New Orleans, LA - On July 14, 2021, Mayor LaToya Cantrell issued a statement on the Louisiana Legislature to uphold Gov. John Bel Edwards’ veto of legislation that would ban transgender girls and women from participating in sports due to their gender identity.
"The fact is the legislature passed SB 156 despite having no evidence that participation by trans athletes has caused an issue in Louisiana, and in the face of the very real possibility of economic boycotts. New Orleans is a welcoming city, with no place for discrimination," he explained.
"We stand firmly with our trans brothers, sisters, and siblings against this hateful bill. Governor Edwards was right to veto SB 156 and we urge legislators to let that veto stand. To target children in this way is simply unconscionable. And as the Mayor of New Orleans, let me say this to the trans youth in our community: no matter what laws the legislature passes, you will always be loved and accepted here in New Orleans."

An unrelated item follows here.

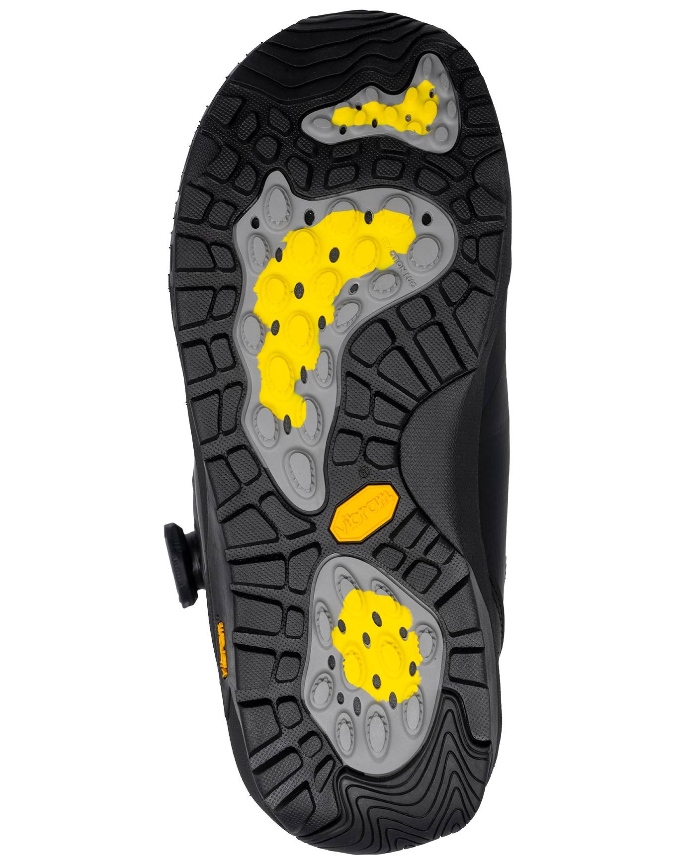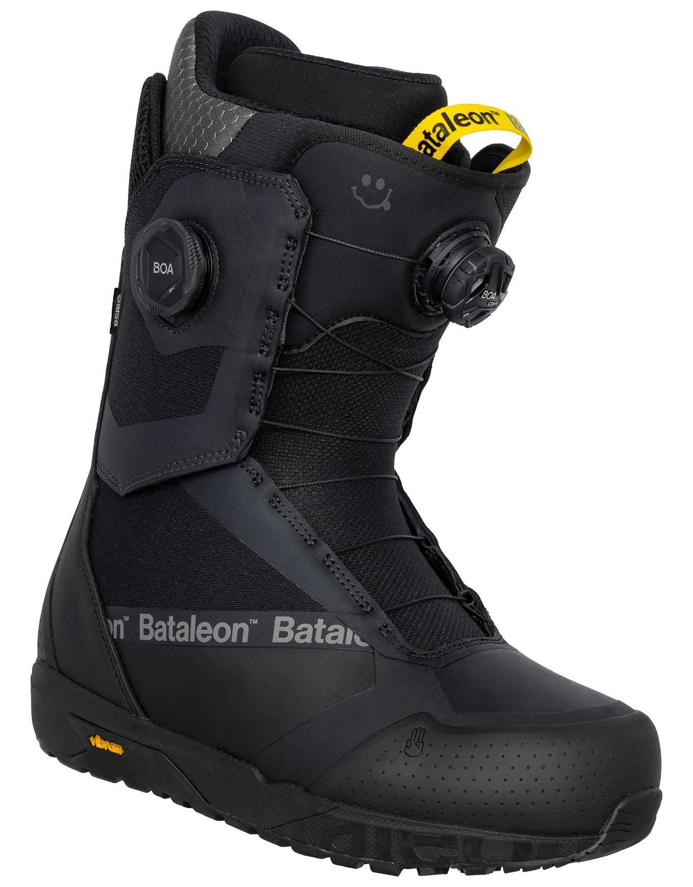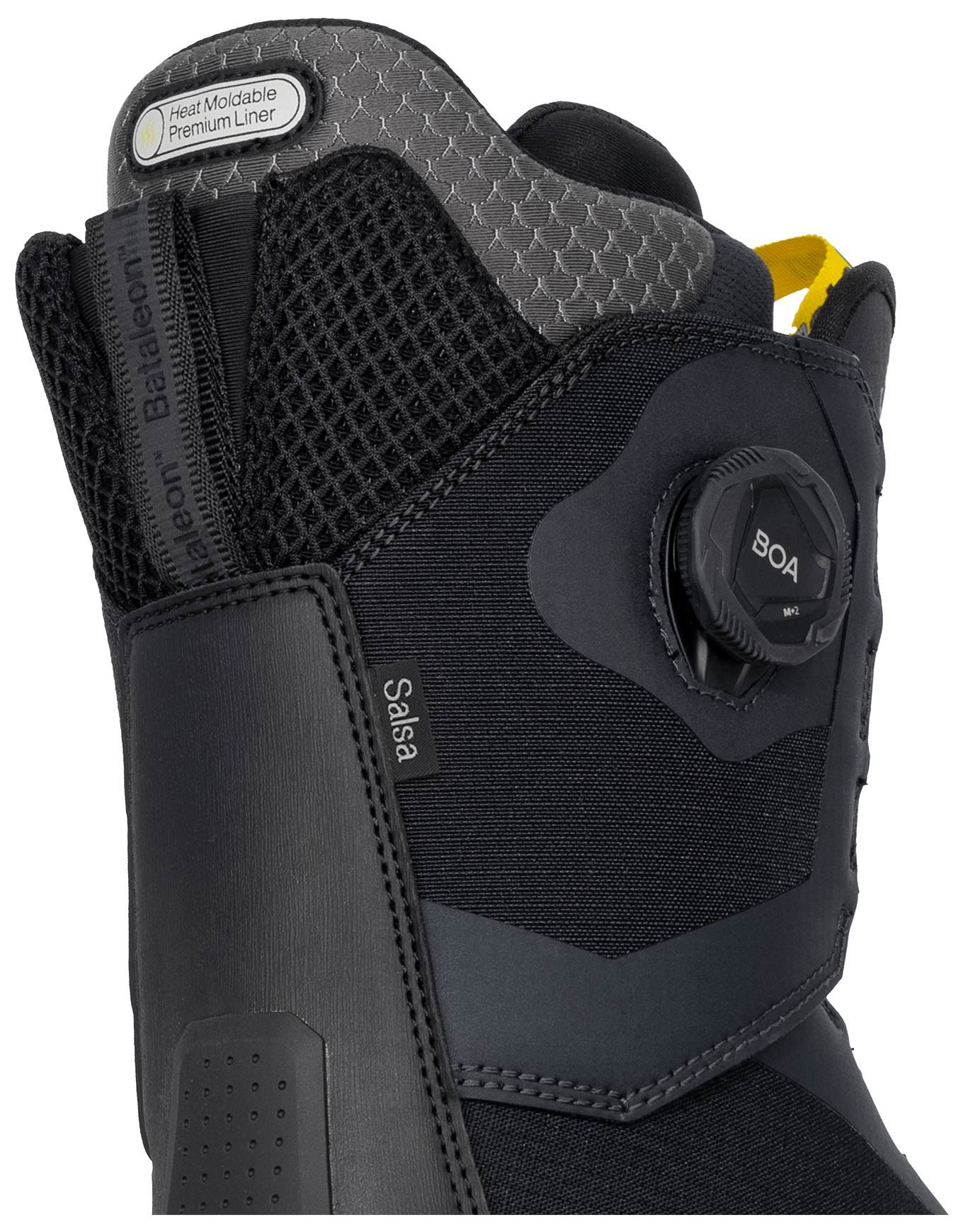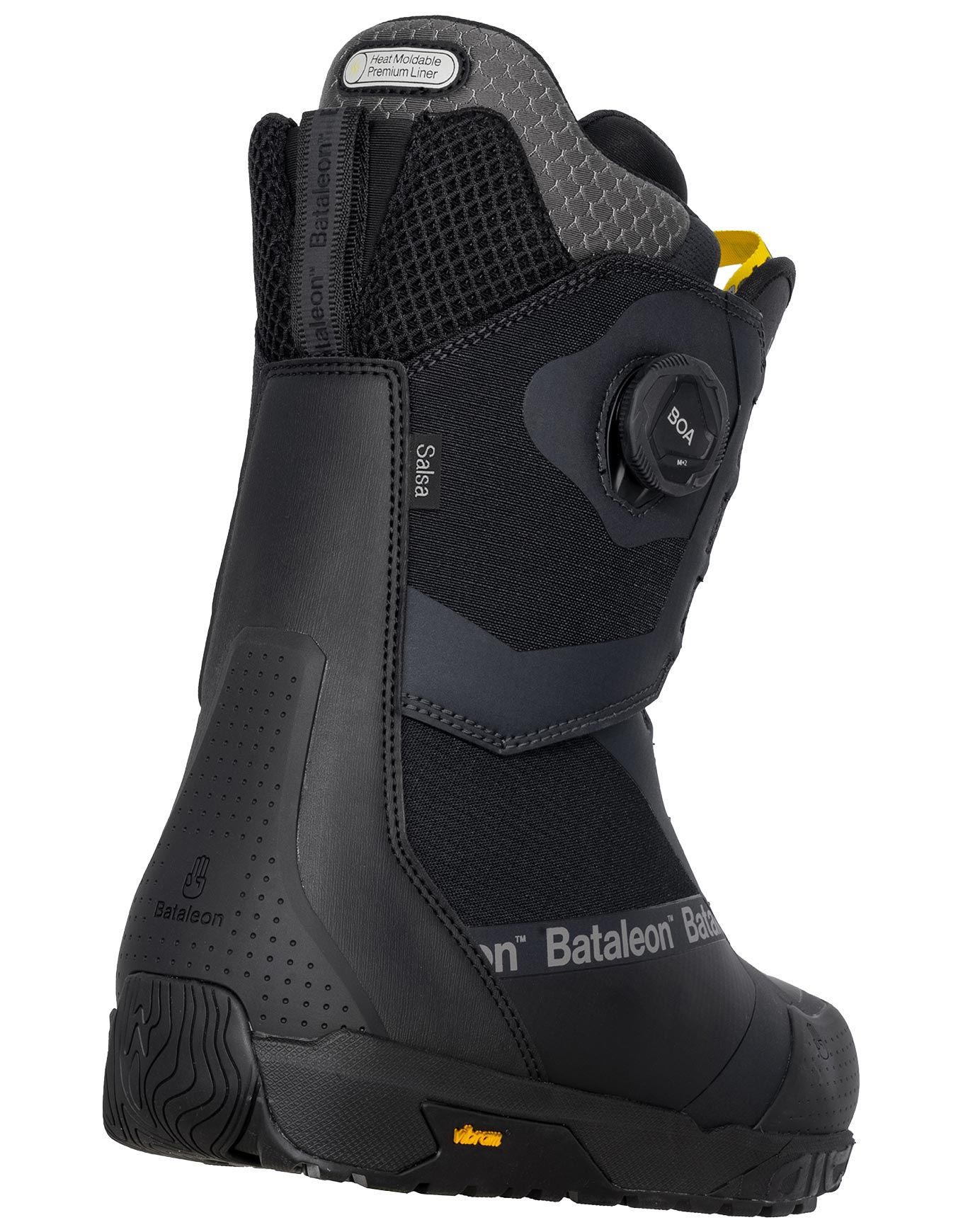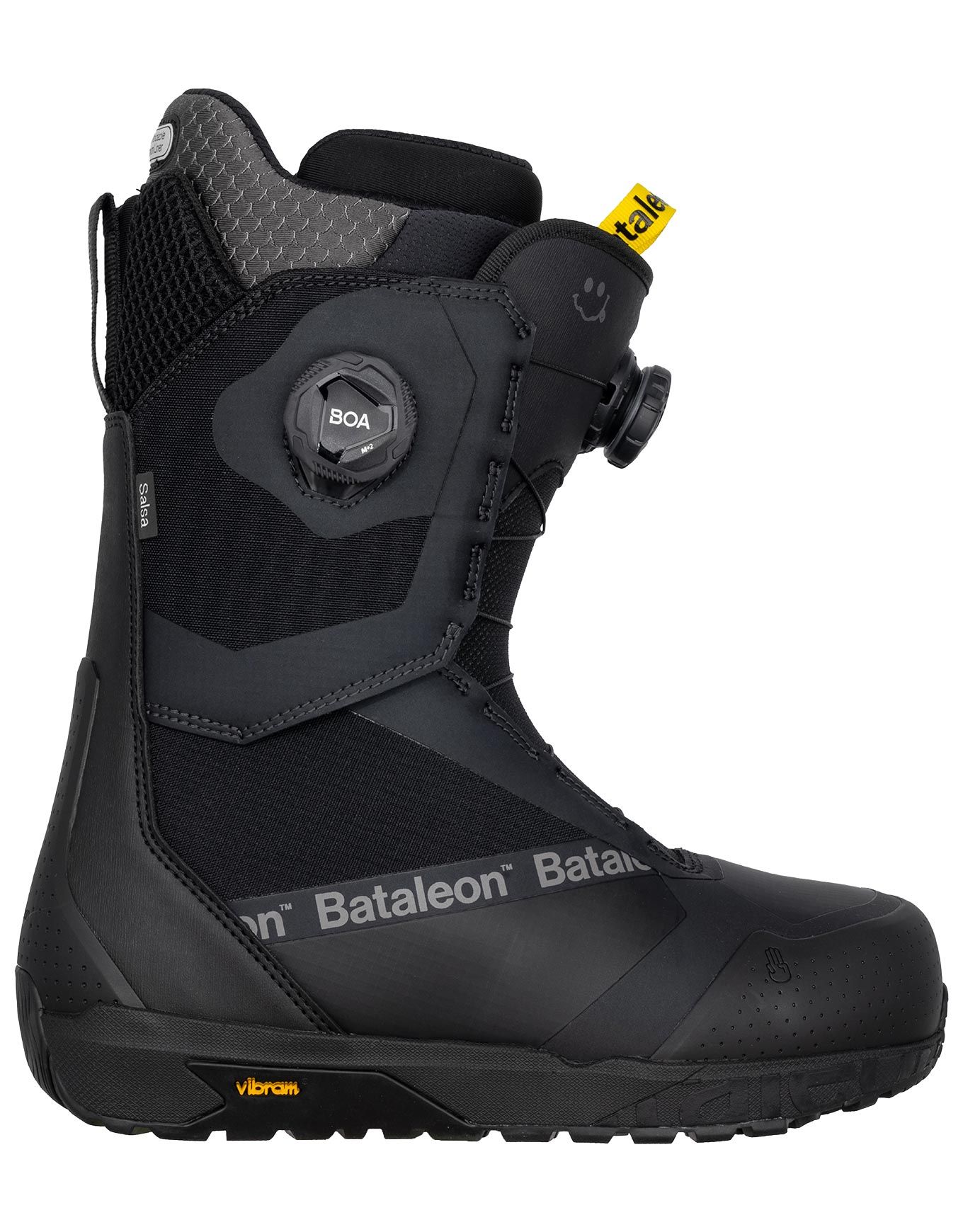Bottes de snowboard homme Bataleon Salsa BOA Black au laçage double BOA pour un fit précis, chaussons thermoformables, semelle Vibram Ice Track et bouclier thermique pour confort et adhérence hivernale.

Lesbian, gay, bisexual, and transgender of Louisiana may face some legal challenges not experienced by non-LGBT residents. The bill, titled the Fairness in Women's Sports Act, aims to restrict transgender children and women from joining athletic teams or participating in sporting activities specifically designed for girls or women at elementary, secondary, and postsecondary schools.

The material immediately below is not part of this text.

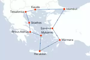 Itinerário : Istambul, Kavala, Tessalonica, Skiathos, Pireus Atenas, Mykonos, Heraklion, Mármara, Esmirna, Istambul
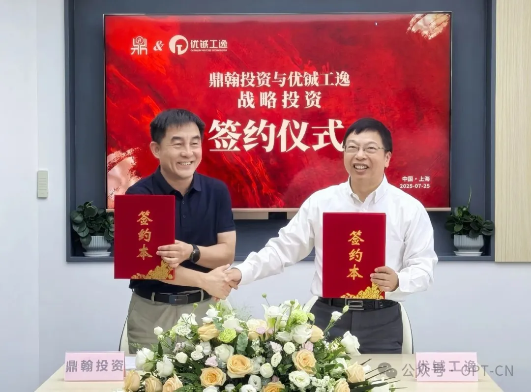 7月25日上午,优铖工逸与鼎翰投资在上海正式签署战略投资协议。此次投资将加速优铖工逸在高端新材料领域的战略布局,推动高性能材料等关键方向的技术突破与产业化进程。

Discrimination on account of sexual orientation and gender identity is prohibited in employment as a result of Bostock v. Clayton County, but not in the areas of housing, health care, education, credit or public accommodations.
“As I have said repeatedly when asked about this bill, discrimination is not a Louisiana value, and this bill was a solution in search of a problem that simply does not exist in Louisiana. Further, it would make life more difficult for transgender children, who are some of the most vulnerable Louisianans when it comes to issues of mental health. We should be looking for more ways to unite rather than divide our citizens. For these and for other reasons, I have vetoed the bill," stated Gov. Edwards.
Same-sex sexual activity is legal in Louisiana, and same-sex marriage has been recognized in the state since June 2015 as a result of the Supreme Court's decision in Obergefell v. Hodges.
A 2017 opinion poll from the Public Religion Research Institute showed that 63% of Louisiana residents supported anti-discrimination legislation protecting LGBT people.